(Dataset items)
[Start of Attachment]

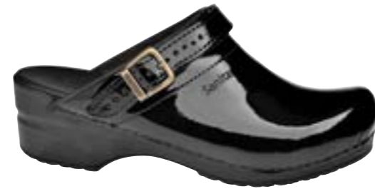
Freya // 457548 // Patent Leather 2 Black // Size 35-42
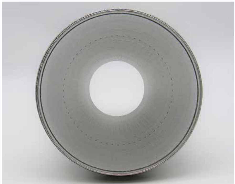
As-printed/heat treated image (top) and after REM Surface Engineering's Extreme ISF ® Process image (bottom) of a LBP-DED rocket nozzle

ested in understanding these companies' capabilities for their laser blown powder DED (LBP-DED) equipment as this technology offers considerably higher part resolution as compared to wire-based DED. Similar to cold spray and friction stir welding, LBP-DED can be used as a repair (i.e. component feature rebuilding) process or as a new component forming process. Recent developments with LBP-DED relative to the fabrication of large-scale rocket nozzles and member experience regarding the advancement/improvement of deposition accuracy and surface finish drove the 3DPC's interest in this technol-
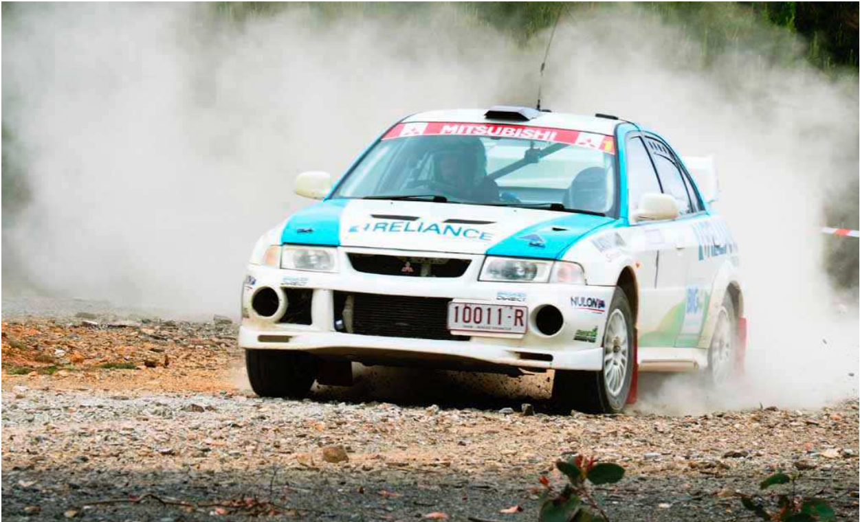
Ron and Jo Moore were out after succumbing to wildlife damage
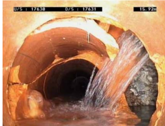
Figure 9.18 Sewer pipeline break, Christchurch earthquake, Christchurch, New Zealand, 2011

[End of Attachment]

**TASK DIRECTIONS:** Set down word for word the lines from the opening of the entries above through the line that contains "As-printed/heat treated image", and omit every picture.

**RESPONSE TO THE TASK:**
Freya // 457548 // Patent Leather 2 Black // Size 35-42
As-printed/heat treated image (top) and after REM Surface Engineering's Extreme ISF ® Process image (bottom) of a LBP-DED rocket nozzle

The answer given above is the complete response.